Keep the images out and copy every entry below exactly.

** Extracted material follows **

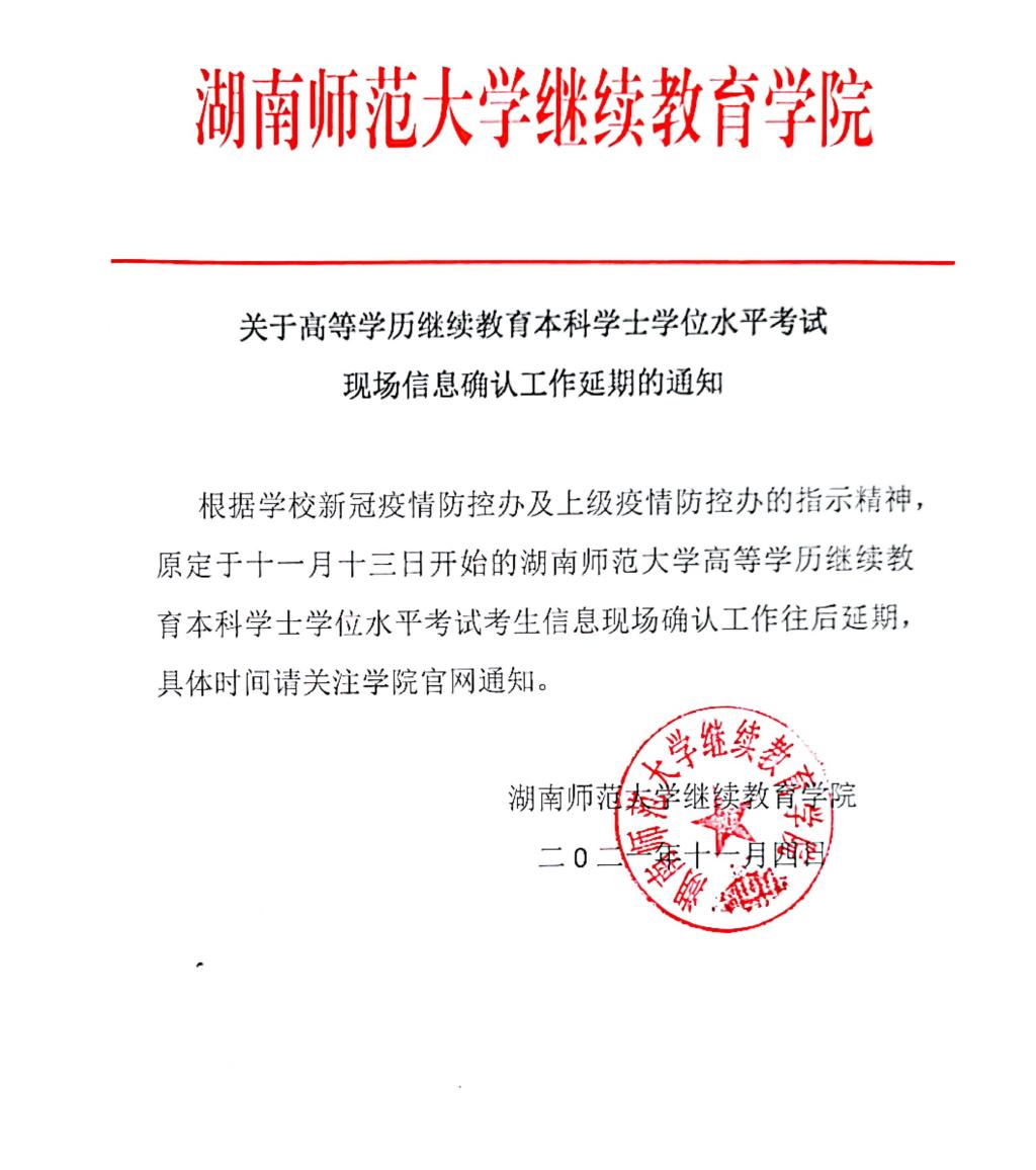 关于学历继续教育本科学士学位水平考试现场信息确认工作延期的通知
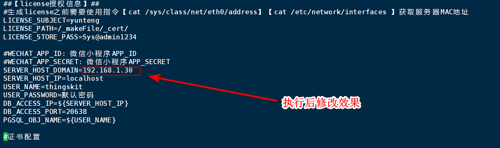 sed -i 's/平台访问外网IP或域名/XXX/g' monolith.env
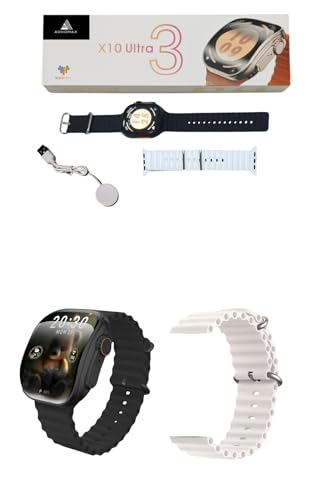 ADHOMAX - ساعة ذكية X10 الترا 3 بشاشة منحنية ان اف سي للجنسين من ادهوماكس، ميزات BPM وSpO2/الطقس/الكاميرا/الموسيقى/تتبع اللياقة البدنية/المكالمات/شحن لاسلكي/تطبيق ويرفيت برو، iOS وأندرويد (سوار أسود + أبيض)
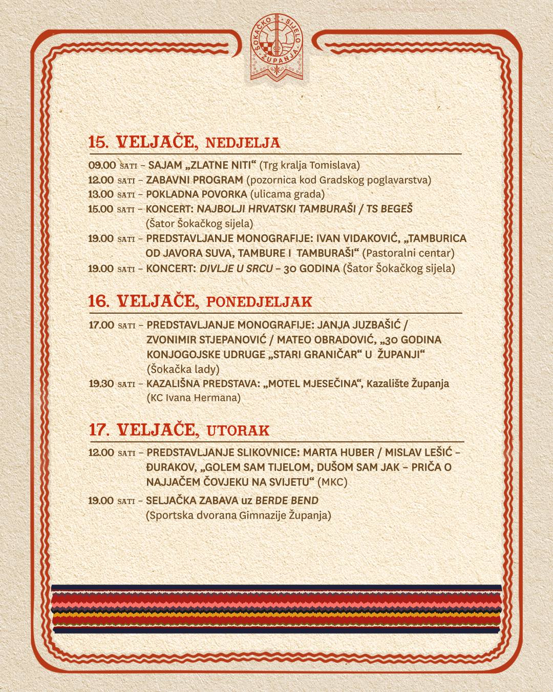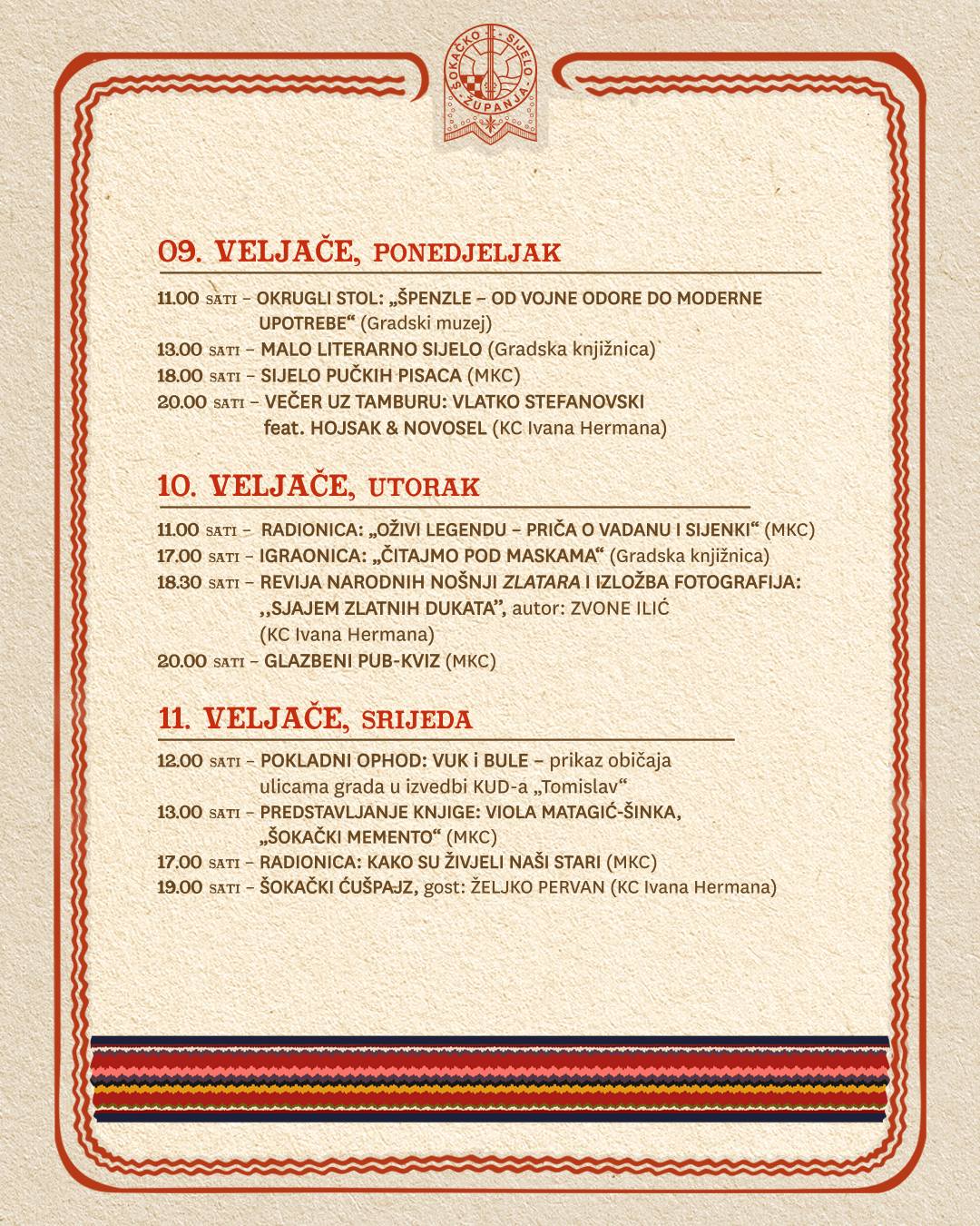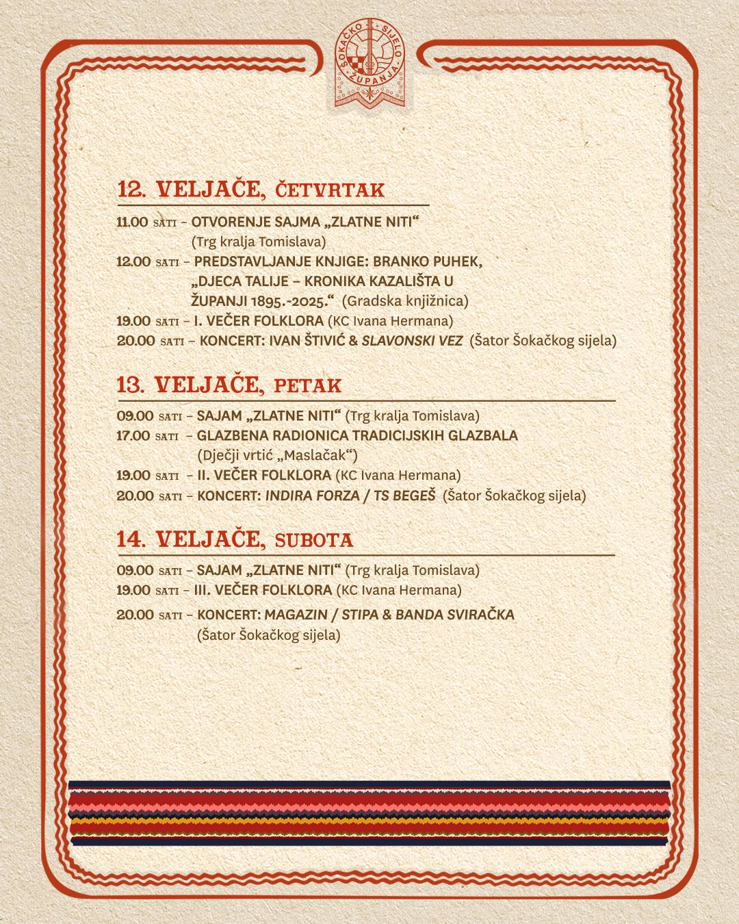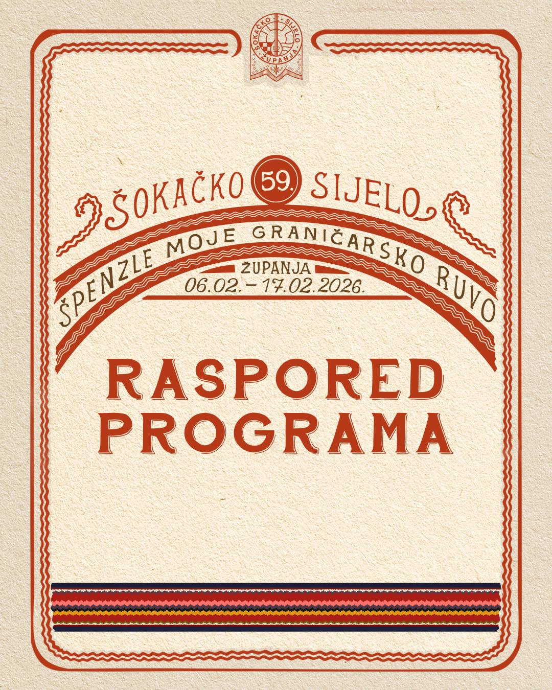 Program 59. Šokačkog sijela koje će se održati u Županji od 06.02. do 17. 02. 2026., možete pogledati u nastavku u galeriji fotografija, ili preuzeti na sljedećoj poveznici: > Program 59. Šokačkog sijela (.zip).
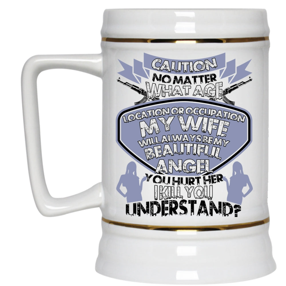 Don't Hurt Her Beer Stein 22oz, My Wife Will Always Be My Beautiful Angel Beer Mug
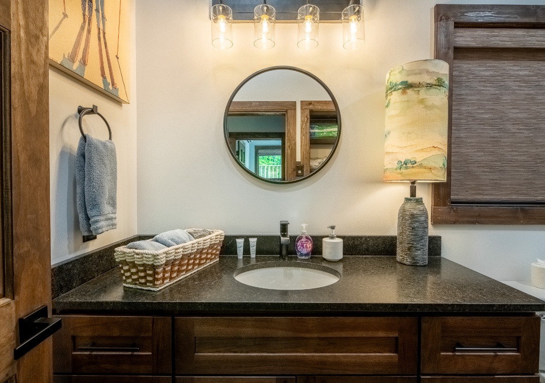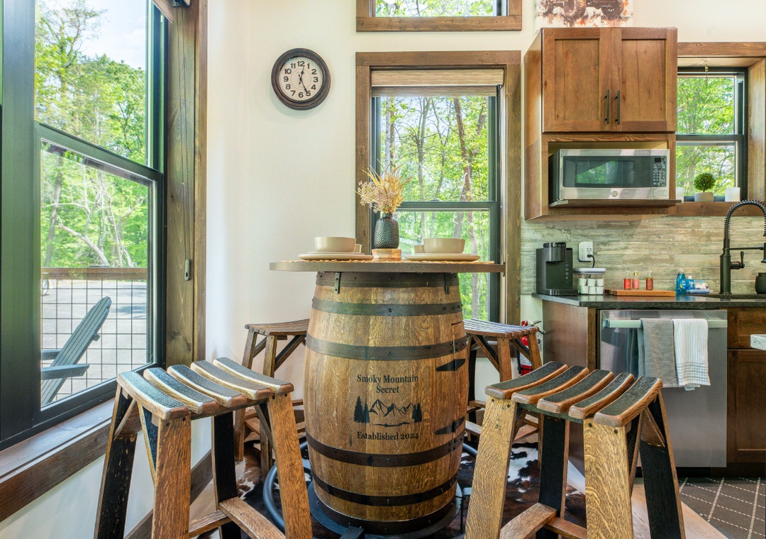 The fully-equipped kitchen boasts modern amenities making it easy to prepare delicious meals for your family or friends. Well-appointed with a full-sized refrigerator, dishwasher, stove, microwave, and other kitchen appliances perfect for making breakfast, lunch, or dinner throughout your stay! All pots, pans, glasses, plates, silverware, etc. are also there for you! Gather around the inviting wooden dining table and chairs to share stories and laughter as it invites you to savor each bite while taking in the natural beauty of the surroundings.
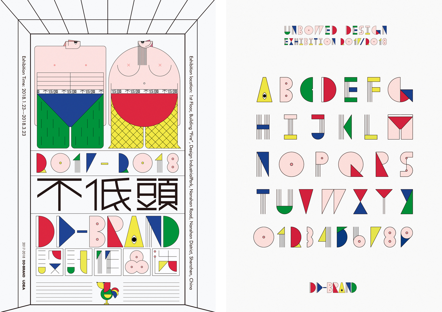 The Unbowed Design Exhibition is the annual review of a Chinese design firm. The fact that the design works are hanging from the ceiling gives the word “unbowed” a special significance and also conveys the designers’ attitude to their designs. The brand promotion for the exhibition is characterised by brightly coloured, geometrical shapes with the aim of giving the beholder a pleasant visual experience. Among other things, a mascot was designed which combines the two animal signs of the Chinese zodiac from 2017 and 2018. The mascot has a dog’s head and a rooster’s body. Additionally, an exclusive exhibition bank note was designed which serves as an entrance ticket.
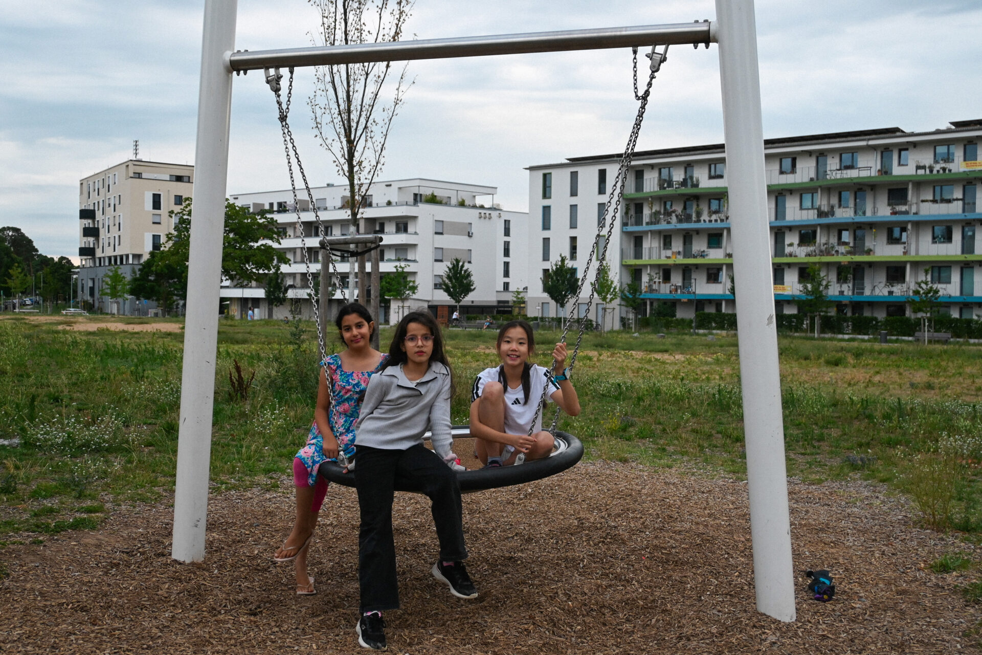 Ein zentrales Element der Siedlung ist der Quartierspark, der als grüne Mitte fungiert. Dort gibt es neben einer Wiese mit geschützten Pflanzenarten auch Freizeitmöglichkeiten wie einen inklusiven Spielplatz. Die zwölfjährige Eleni, die mit ihren beiden Freundinnen Ada und Talia (Namen geändert) gerne am Spielplatz abhängt, sagt: »Meine Familie und ich fühlen uns hier sehr wohl. Zur Schule ist es nicht weit und auch alle meine Freunde leben hier.« Die drei kichern und fotografieren sich gegenseitig.
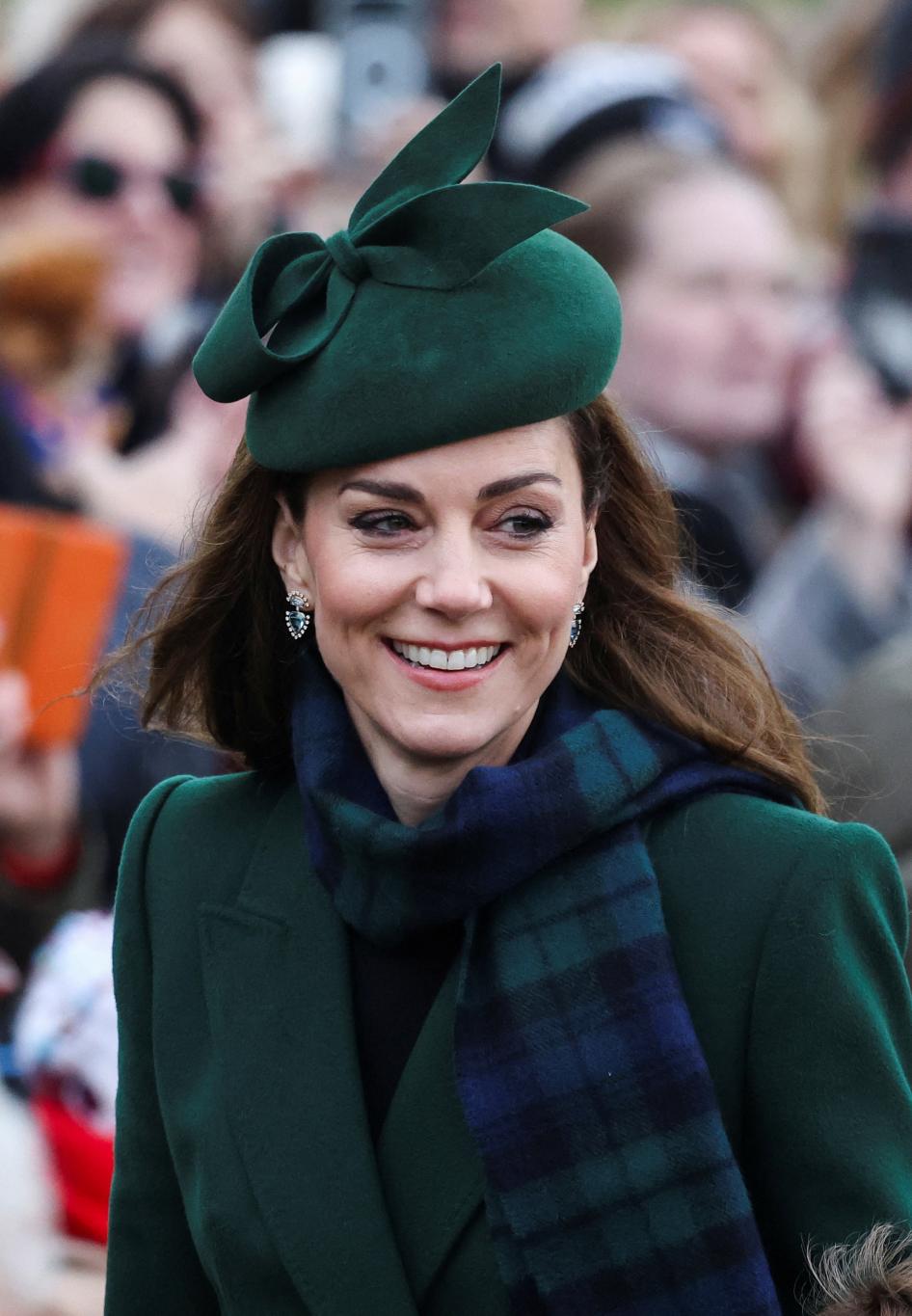 Миддлтон выбрала элегантное зеленое пальто, дополнив его шляпкой-таблеткой в тон и сине-зеленым шарфом в клетку. Завершили праздничный образ черные брюки и черные ботинки.
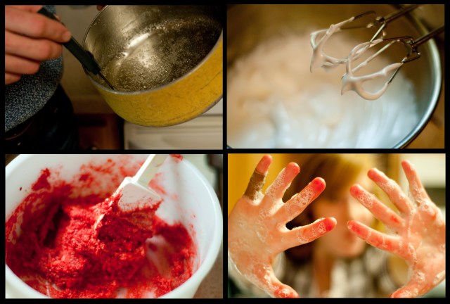 4. Add syrup to almost-meringue stuff and beat till meringue-ness is completed and cooled.
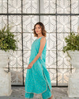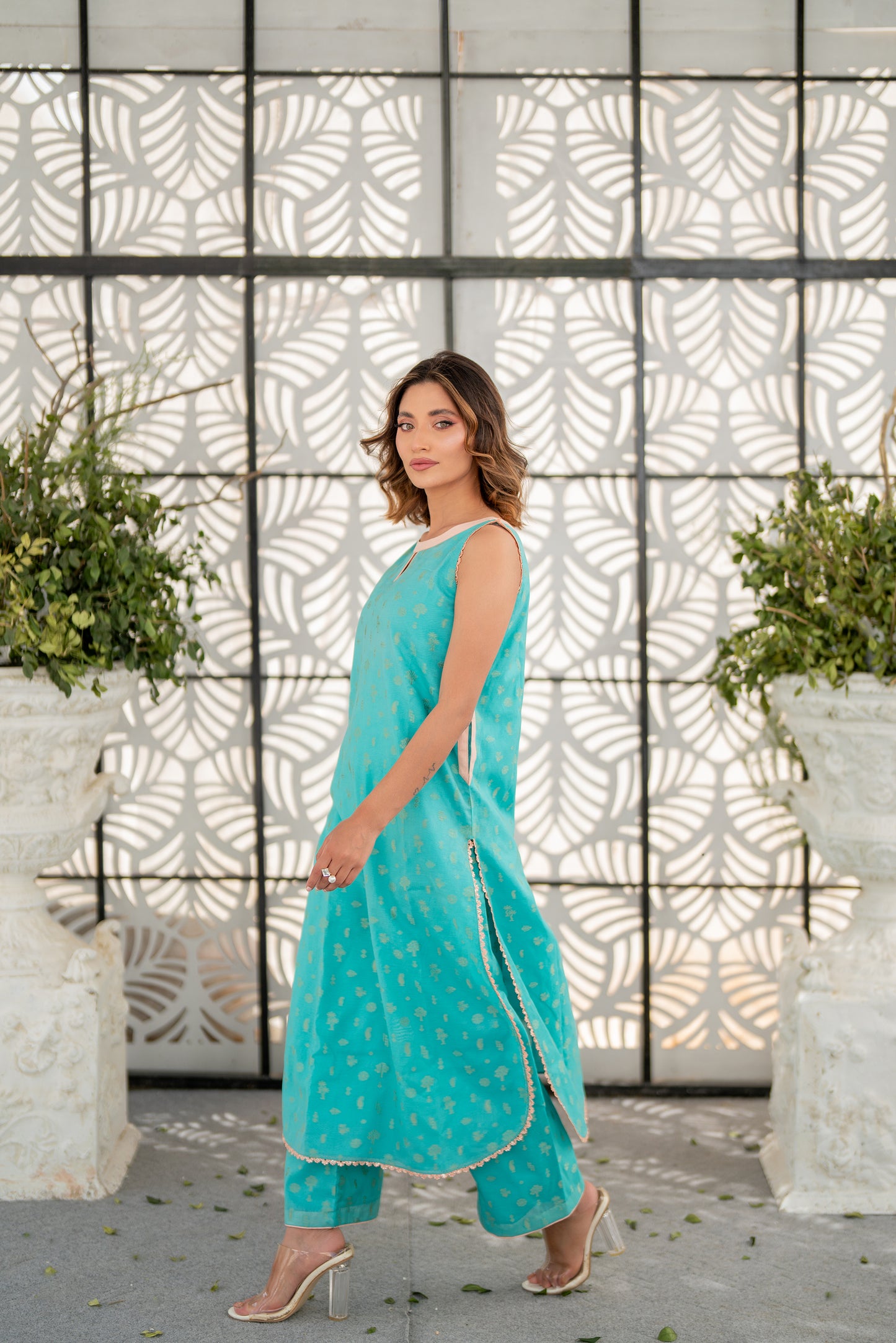 The Aqua Swiss Cotton Matching Separate is more than just an outfit; it’s a statement piece that embodies comfort and elegance. The soft fabric ensures all-day wearability, making it perfect for everything from casual brunches to garden parties or even a stylish day at the office. The breathable nature of Swiss cotton keeps you cool, while the pockets provide the convenience you need without sacrificing style.

** End of Extracted material **

### Output below
 关于学历继续教育本科学士学位水平考试现场信息确认工作延期的通知
 sed -i 's/平台访问外网IP或域名/XXX/g' monolith.env
 ADHOMAX - ساعة ذكية X10 الترا 3 بشاشة منحنية ان اف سي للجنسين من ادهوماكس، ميزات BPM وSpO2/الطقس/الكاميرا/الموسيقى/تتبع اللياقة البدنية/المكالمات/شحن لاسلكي/تطبيق ويرفيت برو، iOS وأندرويد (سوار أسود + أبيض)
 Program 59. Šokačkog sijela koje će se održati u Županji od 06.02. do 17. 02. 2026., možete pogledati u nastavku u galeriji fotografija, ili preuzeti na sljedećoj poveznici: > Program 59. Šokačkog sijela (.zip).
 Don't Hurt Her Beer Stein 22oz, My Wife Will Always Be My Beautiful Angel Beer Mug
 The fully-equipped kitchen boasts modern amenities making it easy to prepare delicious meals for your family or friends. Well-appointed with a full-sized refrigerator, dishwasher, stove, microwave, and other kitchen appliances perfect for making breakfast, lunch, or dinner throughout your stay! All pots, pans, glasses, plates, silverware, etc. are also there for you! Gather around the inviting wooden dining table and chairs to share stories and laughter as it invites you to savor each bite while taking in the natural beauty of the surroundings.
 The Unbowed Design Exhibition is the annual review of a Chinese design firm. The fact that the design works are hanging from the ceiling gives the word “unbowed” a special significance and also conveys the designers’ attitude to their designs. The brand promotion for the exhibition is characterised by brightly coloured, geometrical shapes with the aim of giving the beholder a pleasant visual experience. Among other things, a mascot was designed which combines the two animal signs of the Chinese zodiac from 2017 and 2018. The mascot has a dog’s head and a rooster’s body. Additionally, an exclusive exhibition bank note was designed which serves as an entrance ticket.
 Ein zentrales Element der Siedlung ist der Quartierspark, der als grüne Mitte fungiert. Dort gibt es neben einer Wiese mit geschützten Pflanzenarten auch Freizeitmöglichkeiten wie einen inklusiven Spielplatz. Die zwölfjährige Eleni, die mit ihren beiden Freundinnen Ada und Talia (Namen geändert) gerne am Spielplatz abhängt, sagt: »Meine Familie und ich fühlen uns hier sehr wohl. Zur Schule ist es nicht weit und auch alle meine Freunde leben hier.« Die drei kichern und fotografieren sich gegenseitig.
 Миддлтон выбрала элегантное зеленое пальто, дополнив его шляпкой-таблеткой в тон и сине-зеленым шарфом в клетку. Завершили праздничный образ черные брюки и черные ботинки.
 4. Add syrup to almost-meringue stuff and beat till meringue-ness is completed and cooled.
 The Aqua Swiss Cotton Matching Separate is more than just an outfit; it’s a statement piece that embodies comfort and elegance. The soft fabric ensures all-day wearability, making it perfect for everything from casual brunches to garden parties or even a stylish day at the office. The breathable nature of Swiss cotton keeps you cool, while the pockets provide the convenience you need without sacrificing style.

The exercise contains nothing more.